もうすぐ忍ちゃんの家だ。この特別な散歩は終わってしまう。このあとまだ行くりしてお話したりお菓子を食べるしそれも楽しみだけど、ちょっと残念な気もしてしまう。
「あの、読子さん」
「なぁに?」
忍ちゃんの家が見える通りに入る角、街灯の下で忍ちゃんは立ち止まった。
「その……さっき、悪いことしてるみたいでドキドキするって言ってたじゃないですか」
「え? ええ、そうね。ちょっと子供っぽかったかしら」
考えてみれば私ももう来年には18歳になるのだ。そうなれば成人だ。夜に外に出るだけで悪いこと、なんて発想自体、子供だったかもしれない。実際忍ちゃんは普通にしているし。何だか恥ずかしくなってきた。
「ちょっとだけ、でも、そんな読子さんも可愛いです」
「忍ちゃんたら……」
肯定されてしまった。でも可愛いって。嬉しい。もう、と文句を言いたいような、照れてしまって笑いたいような、そんな気分で私は誤魔化すように髪を耳にかける。
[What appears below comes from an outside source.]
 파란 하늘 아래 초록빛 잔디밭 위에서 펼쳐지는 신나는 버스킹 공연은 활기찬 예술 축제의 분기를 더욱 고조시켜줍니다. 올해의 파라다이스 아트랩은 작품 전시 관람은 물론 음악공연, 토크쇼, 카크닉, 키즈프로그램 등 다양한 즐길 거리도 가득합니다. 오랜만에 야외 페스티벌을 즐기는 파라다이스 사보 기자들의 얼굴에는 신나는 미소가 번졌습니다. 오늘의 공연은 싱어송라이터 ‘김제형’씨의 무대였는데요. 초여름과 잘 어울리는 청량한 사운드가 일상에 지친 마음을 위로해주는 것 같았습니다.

「あの、せっかくだから、って言ったらおかしいかもですけど。……もっと、悪いこと、しませんか?」
「え?」
もっと悪いこと? そ、そこまでいくと本当に悪いことになっちゃうんじゃ? なんだろう。大きな声をだすとか? 口笛をふくとか?
真剣に言われた言葉に戸惑う私に、忍ちゃんはどこか緊張したように固い表情で、繋いでいない手で私の肩を掴んだ。荷物を持ってくれているので、ビニール袋の中のドリンクがゆるく二の腕にあたる。
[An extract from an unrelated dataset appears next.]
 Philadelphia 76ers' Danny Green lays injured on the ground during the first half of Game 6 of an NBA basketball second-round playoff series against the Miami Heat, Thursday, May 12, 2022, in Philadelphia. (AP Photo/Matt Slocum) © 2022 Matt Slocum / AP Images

いつもならすぐに気づいて謝るだろうに、忍ちゃんは真剣な顔で私をまっすぐ見つめている。ドキドキと、心臓が痛いくらいだ。
「わ、悪いことって?」
「……目を、閉じてくれませんか?」
あ、あ。……ここまでされて気づかないほど、私は鈍くないつもりだ。初めてのお泊り。夜の散歩。人目もなく、ずっと繋いでる手は汗ばんでいるくらい体が熱くて、雰囲気も十分だ。つまり、そう言うことだ。
私はそっと目を閉じた。
「……ん」
すぐ近くに気配を感じると同時に、唇に柔らかいものがあてられる。その衝撃に、思わず声が漏れて体が反応してしまう。身じろぎしてしまった私に、唇がはなれていく。目を開けると、すぐ傍に忍ちゃんがいた。
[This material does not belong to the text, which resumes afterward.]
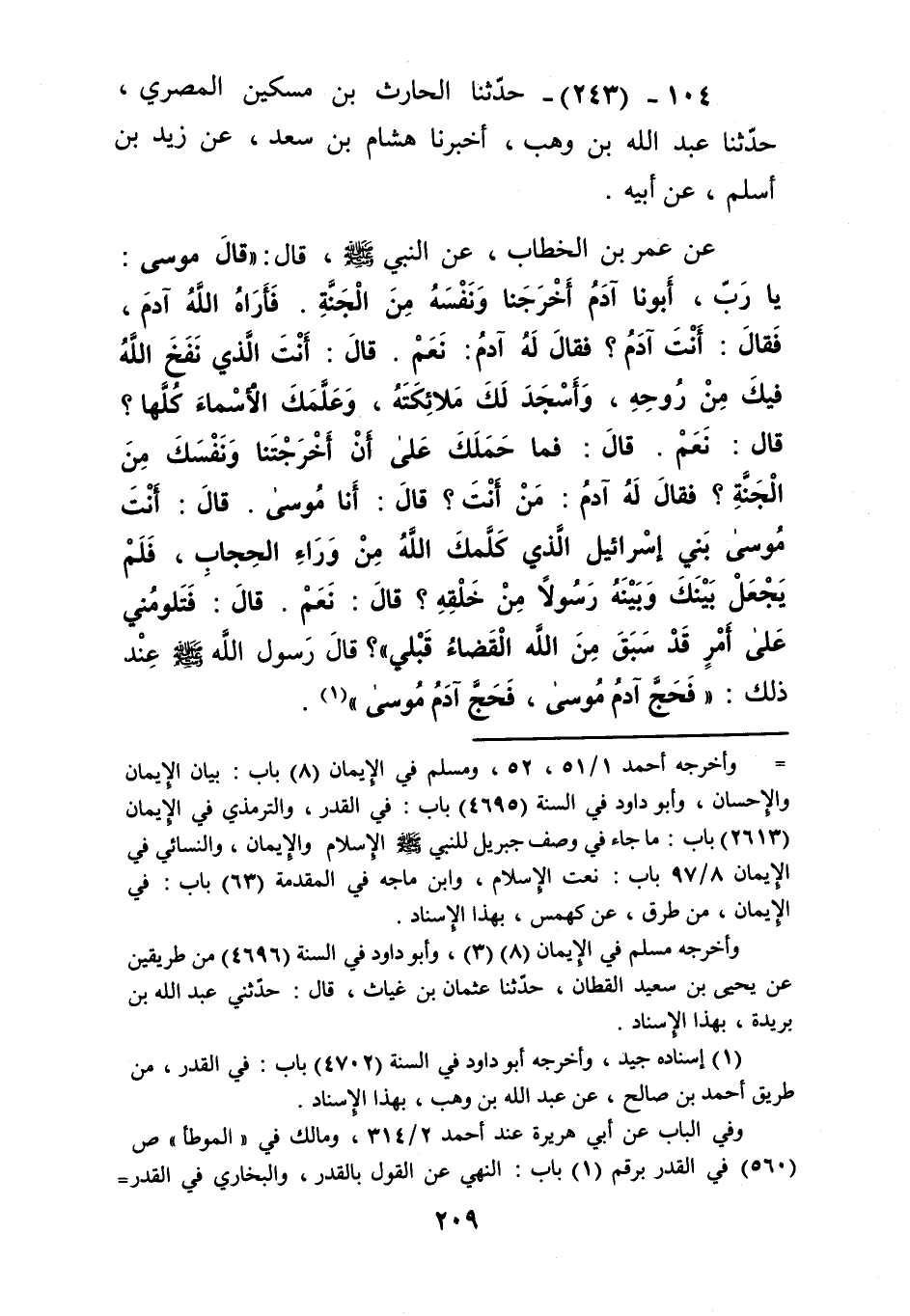 243 - حَدَّثَنَا الْحَارِثُ بْنُ مِسْكِينٍ الْمِصْرِيُّ، حَدَّثَنَا عَبْدُ اللَّهِ بْنُ وَهْبٍ، أَخْبَرَنَا هِشَامُ بْنُ سَعْدٍ، عَنْ زَيْدِ بْنِ أَسْلَمَ، عَنْ أَبِيهِ، عَنْ عُمَرَ بْنِ الْخَطَّابِ، عَنِ النَّبِيِّ صَلَّى اللهُ عَلَيْهِ وَسَلَّمَ قَالَ: " قَالَ مُوسَى: يَا رَبِّ، أَبُونَا آدَمُ أَخْرَجَنَا وَنَفْسَهُ مِنَ الْجَنَّةِ. فَأَرَاهُ اللَّهُ آدَمَ، فَقَالَ: أَنْتَ آدَمُ؟ فَقَالَ لَهُ آدَمُ: نَعَمْ. قَالَ: أَنْتَ الَّذِي نَفَخَ اللَّهُ فِيكَ مِنْ رُوحِهِ، وَأَسْجَدَ لَكَ مَلَائِكَتَهُ، وَعَلَّمَكَ الْأَسْمَاءَ كُلَّهَا؟ قَالَ: نَعَمْ. قَالَ: فَمَا حَمَلَكَ عَلَى أَنْ أَخْرَجْتَنَا وَنَفْسَكَ مِنَ الْجَنَّةِ؟ فَقَالَ لَهُ آدَمُ: مَنْ أَنْتَ؟ قَالَ: أَنَا مُوسَى. قَالَ: أَنْتَ مُوسَى بَنِي إِسْرَائِيلَ الَّذِي كَلَّمَكَ اللَّهُ مِنْ وَرَاءِ الْحِجَابِ، فَلَمْ يَجْعَلْ بَيْنَكَ وَبَيْنَهُ رَسُولًا مِنْ خَلْقِهِ؟ قَالَ: نَعَمْ. قَالَ: فَتَلُومُنِي عَلَى أَمْرٍ قَدْ سَبَقَ مِنَ اللَّهِ الْقَضَاءُ قَبْلِي؟ " قَالَ رَسُولُ اللَّهِ صَلَّى اللهُ عَلَيْهِ وَسَلَّمَ عِنْدَ ذَلِكَ: «§فَحَجَّ آدَمُ مُوسَى، فَحَجَّ آدَمُ مُوسَى» Kإسناده جيد

目を閉じるとまつ毛でできる風圧を感じそうな至近距離。ドキドキを通り越して、バクバクと心臓が爆発しているみたいだ。
「キス、しちゃったわね」
「はい……。すみません、強引、でしたよね」
「ううん。とっても素敵な悪いことだったわ。……もう一回、して?」
「……はい」
私は心臓がはじけてしまうギリギリまで、忍ちゃんと悪いことをした。
最後はちりんちりんと自転車がベルをならして横を通り過ぎるまでしていて、人に見られてしまって、本当に悪いことになってしまったのはたまらなく恥ずかしかった。
でも、散歩を開始した時に感じた特別な思い出になりそうな予感と言うのはこれ以上なく当たっていた。初めてのお泊りの深夜の散歩は、特別なイベントが起きた、忘れられない思い出となった。